Most craft beers slug it out in the highly hopped 12-oz. bottle segment. Then there are the abbey-style brews, packaged in 750ml bottles with a cork enclosure. One of the most successful brewers is Cooperstown, NY’s Ommegang Brewery, a subsidiary of Belgium’s Duvel Moortgat Brewery. To develop a cohesive look for a growing variety of styles, the firm commissioned a rebranding project that included updated labels and secondary packaging
Early in the project, Ommegang and its redesign team decided metalized paper would best convey the new look. The medium is not new to US brewers—think Coors’ silver bullet—but no US craft brewery had ever used metalized paper, according to Kizzie Suriel, creative director at AR Metallizing. Further complicating the project was a requirement that the label be embossed. Offset printing won’t support embossing, points out Dana Jenkins, account executive with Rochester, NY-based Flower City Printing, forcing the printer to tackle the project with flexo printing.

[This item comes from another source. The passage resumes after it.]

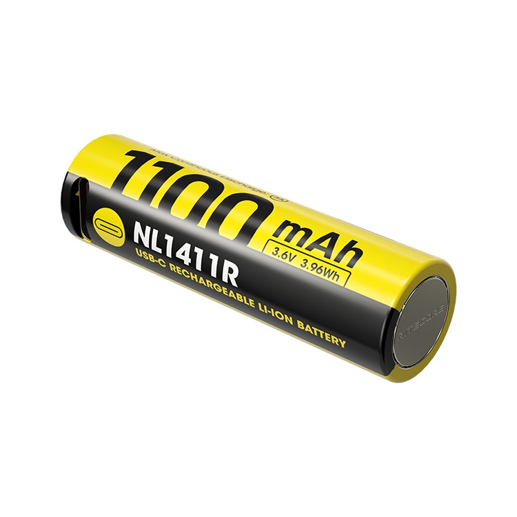 De Nitecore NL1411R is een oplaadbare 14500 Li-Ion batterij met een indrukwekkende capaciteit van 1.100 mAh. De batterij is voorzien van een USB-C-oplaadpoort zodat je hem gemakkelijk met een kabel (niet inbegrepen) kunt opladen.

“This was our first beer label application and our first use of metalized paper on a flexo press,” adds Jenkins. Achieving the desired pearly effect with the opaque and transparent inks used with metalized paper proved difficult until Flower City called in its supplier, Franklin, MA-based AR Metallizing.
Metalized labels remain an oddity in the craft beer segment. “We’d like to change that,” says Suriel, and design support is one way of doing it.